→ **What you will do**:
Restate the listing word for word. Stop at the line that holds "从投资构成看,建安投资下滑或", include it, and leave out all pictures.
==== Data ====
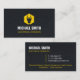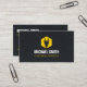 Ett modernt, minimalistiskt och professionell affärskort med en logotyp av en silhuett med en strömkontakt över en sexkantig gult. En struktur-effekt för bakgrunden. Perfekt för elektriker och för dem som tillhandahåller installationstjänster avseende elektriska ledningar och belysningsanordningar. Anpassa din affärsinformation till de vanliga textmallarna.
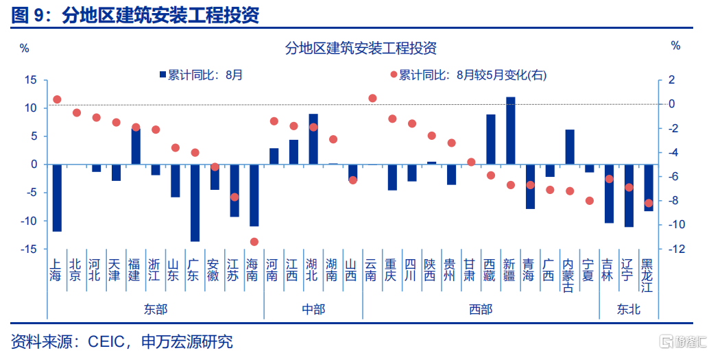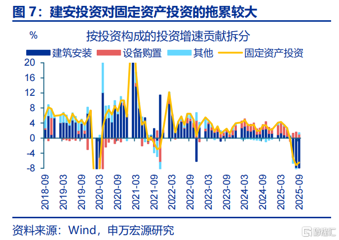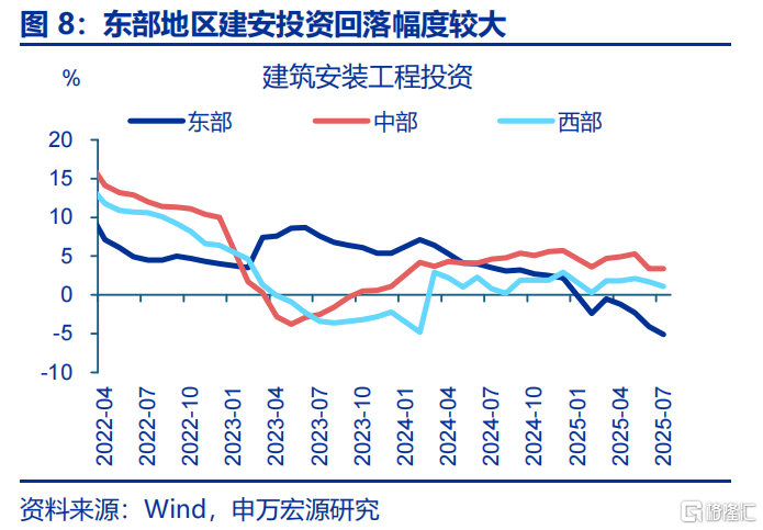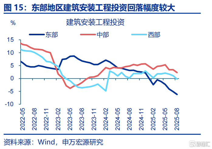 从投资构成看,建安投资下滑或是拖累固定资产投资回落的主因;区域上,东部地区的建安投资降幅更大。拆分投资构成的三大分项看,2025下半年以来建安投资回落16.4个百分点至9月-15.7%,拖累固定资产投资下滑8.4个百分点。区域上,东部地区建安投资回落幅度超过中西部,5-8月东、中、西部地区建安投资累计同比分别下滑3.9、3、2.3个百分点至-6.2%、2.3%、0.2%。具体地区中,海南(-11.9pct至-11%)、江苏(-13.4pct至-9.3%)、安徽(-10.8pct至-4.5%)等地建安投资回落幅度显著。
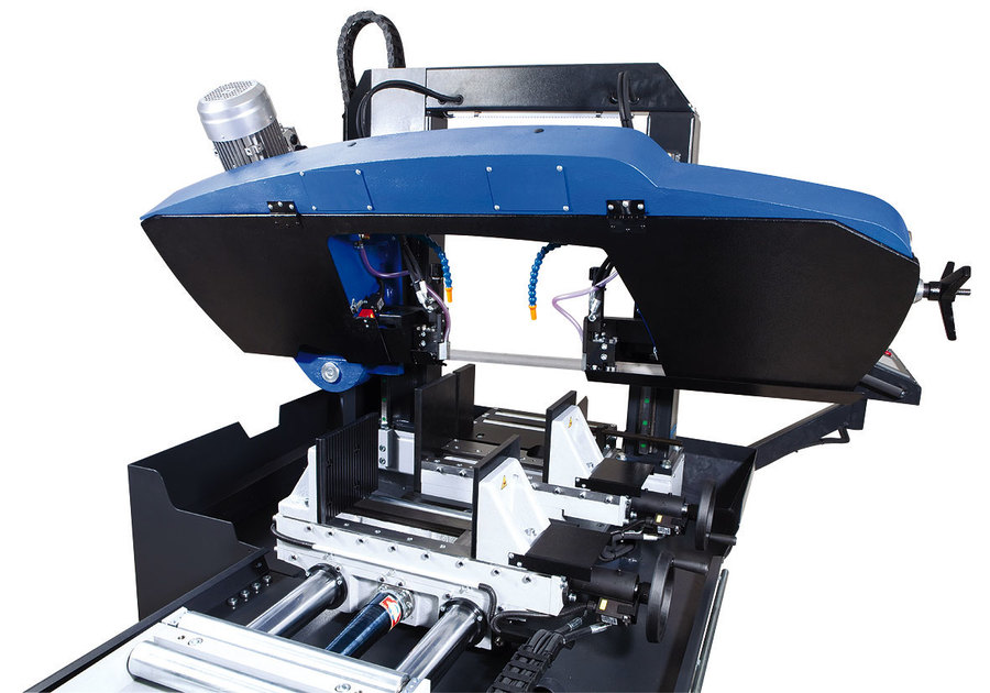 Hydraulisch aangestuurde, eenzijdige automatische regeling van de zaagbandinvoer in de snede, afhankelijk van de weerstand van het te zagen materiaal. Verkort de zaagtijd en de levensduur van de zaagband aanzienlijk.
====
→ **Response to the task**:
 Ett modernt, minimalistiskt och professionell affärskort med en logotyp av en silhuett med en strömkontakt över en sexkantig gult. En struktur-effekt för bakgrunden. Perfekt för elektriker och för dem som tillhandahåller installationstjänster avseende elektriska ledningar och belysningsanordningar. Anpassa din affärsinformation till de vanliga textmallarna.
 从投资构成看,建安投资下滑或是拖累固定资产投资回落的主因;区域上,东部地区的建安投资降幅更大。拆分投资构成的三大分项看,2025下半年以来建安投资回落16.4个百分点至9月-15.7%,拖累固定资产投资下滑8.4个百分点。区域上,东部地区建安投资回落幅度超过中西部,5-8月东、中、西部地区建安投资累计同比分别下滑3.9、3、2.3个百分点至-6.2%、2.3%、0.2%。具体地区中,海南(-11.9pct至-11%)、江苏(-13.4pct至-9.3%)、安徽(-10.8pct至-4.5%)等地建安投资回落幅度显著。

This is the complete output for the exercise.